Parquet Converter
Generating Apache Parquet file with JSON file or CSV files.
Installation
parquet-converter
depends on xitongsys/parquet-go
, so you should install it first.
$ go get github.com/xitongsys/parquet-go/...
$ git clone github.com/iwillwen/parquet-converter
$ cd parquet-converter
$ go build
$ ./parquet-converter -h
Usage
Now parquet-converter
supports json and csv to generate a parquet file.
JSON
Firstly, defining a json file includes the columns definations and the content is required.
// test/test.json
{
"columns": [
{ "name": "column_1", "val_type": "UTF8", "repetition_type": "REQUIRED"},
{ "name": "column_2", "val_type": "INT64" }
],
"rows": [
[ "foo", 1 ],
[ "bar", 100 ]
]
}
Generating a parquet file with parquet-converter
.
$ ./parquet-converter json2parquet -file test/test.json -out out.parquet
Check out the parquet file in Spark Shell.

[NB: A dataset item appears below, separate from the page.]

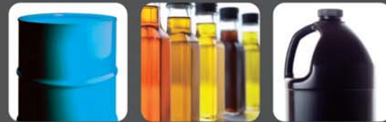
Petroleum and Organic Solutions Oils and Fats Detergents

scala> spark.read.format("parquet").load("file:///path/to/parquet-converter/out.parquet").show()
+--------+--------+
|column_1|column_2|
+--------+--------+
| foo| 1|
| bar| 100|
+--------+--------+
CSV
If you want to convert the data in a csv file, you have to define a columns defination csv file first.
test/test-columns.csv
name,val_type,repetition_type
column_1,UTF8,REQUIRED
column_2,INT64,
column_3,BOOLEAN,
And the data file. test/test-rows.csv
column_1,column_2,column_3
foo,1,
bar,2,true
$ ./parquet-converter csv2parquet -columns test/test-columns.csv -rows test/test-rows.csv -out out.parquet
Check it out in Spark.
scala> spark.read.format("parquet").load("file:///path/to/parquet-converter/out.parquet").show()
+--------+--------+--------+
|column_1|column_2|column_3|
+--------+--------+--------+
| foo| 1| false|
| bar| 2| true|
+--------+--------+--------+
License
MIT Licensed.